The Great Recession was terrible, but that part about cutting taxes and school funding is reprehensible. There is simply no excuse to give money back to taxpayers when the schools have a library that nobody can use or that run out of supplies before the end of the school year.
But that’s not the only problem. Here in New Jersey, Governor Christie recently did an about-face and said that he no longer supports the Common Core Curriculum Standards but does support the PARCC tests that are based on…the Common Core. This neat bit of contradiction, endemic to Republican politicians, not only makes no sense; it invites testing students on skills and content that they will not learn in their classrooms.
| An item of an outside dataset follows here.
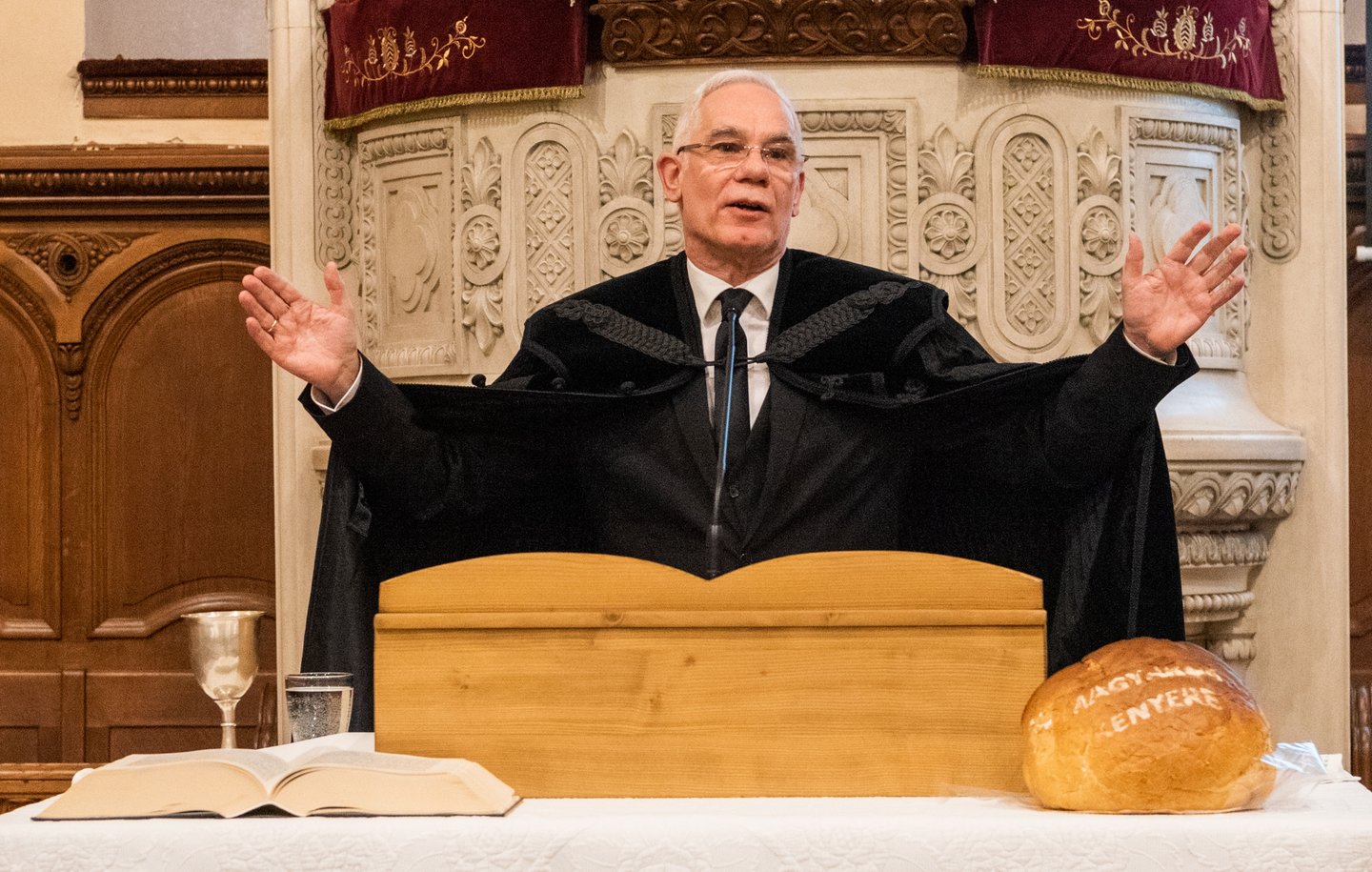 Steinbach József, a Dunántúli Református Egyházkerület püspöke a keresztyén bizonyságtétel csodájára világított rá. „Az írott Ige alapján az élő Igét hirdetjük, aki Jézus Krisztus, és azt az evangéliumot, melyet elhozott a világba.” A püspök imádságában arra kérte Istent, hogy adjon nekünk Igét, amelyből betű, majd kő lesz, hogy abból az élet kenyere szülessen, és a holt betű megelevenedhessen.

Couple this with the Governor’s previous bashing of teachers and their association, and his severe education budget cuts and you have the scary proposition of someone sitting in the Oval Office who supports testing, but not the people who will be delivering a curriculum that is yet to be determined.
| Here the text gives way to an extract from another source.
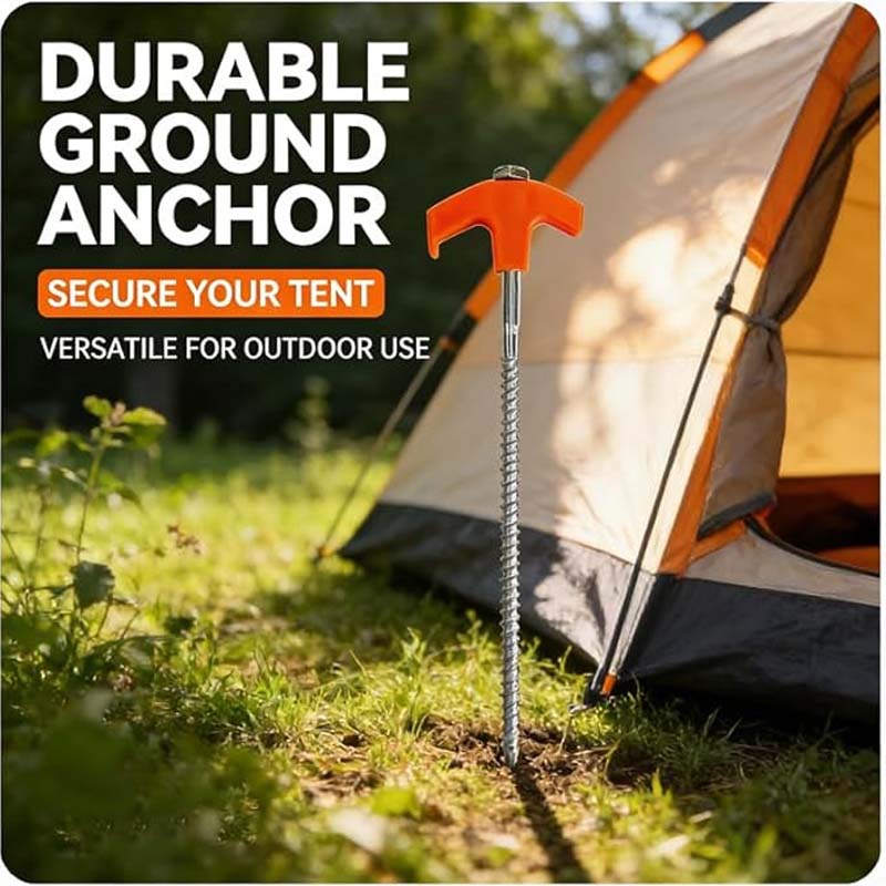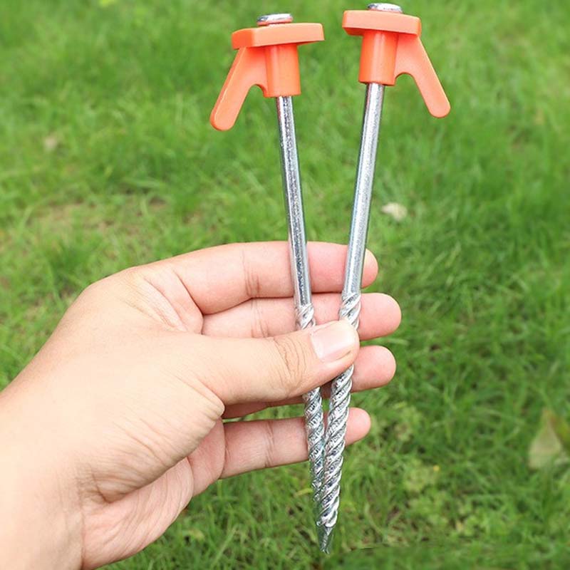 ⛺【 HIGH QUALITY & DURABLE】 Made from high-quality steel with a threaded end for easy insert and superior grip when drilling into various hard surfaces. Whether it's grass, hard soil, gravel, or anything in between, it holds securely.

Christie has good company in another soon-to-be Republican presidential candidate, Governor Scott Walker of Wisconsin. Not only did he and the GOP-led legislature end collective bargaining for public employees, now he’s proposing a bill that would significantly affect tenure in public colleges and universities. That law would repeal the idea of shared governance when it comes to tenure and is best explained this way:
Shared governance gives powers to faculty, staff and students over such matters as instruction, personnel matters and student services. The shared power is not the adversarial relationship many think of, Fair said. “It’s a conversation across the different bodies to reach consensus on what is best for the institution,” she said.
And while the employment protections conveyed by tenure can seem self-serving, Compas said, that is not what it is about.
“Tenure doesn’t protect anyone who breaks university rules or doesn’t do their job. Instead, it is a cornerstone of academic freedom,” he said. “It provides protection for faculty to challenge conventional notions and present ideas that often are unpopular,” said Compas, who has tenure.
What Walker wants to do is to take tenure decisions away from the shared model and transfer authority to a state body that is–surprise!–appointed by the governor. I’m guessing that the makeup of the body will be sharply different than the people making tenure decisions now. And I can see great mischief in how it will be applied should this bill pass. Which it most likely will.
These are but three examples of how terribly education policy is made and implemented in the United States. After 2016, it could get even worse.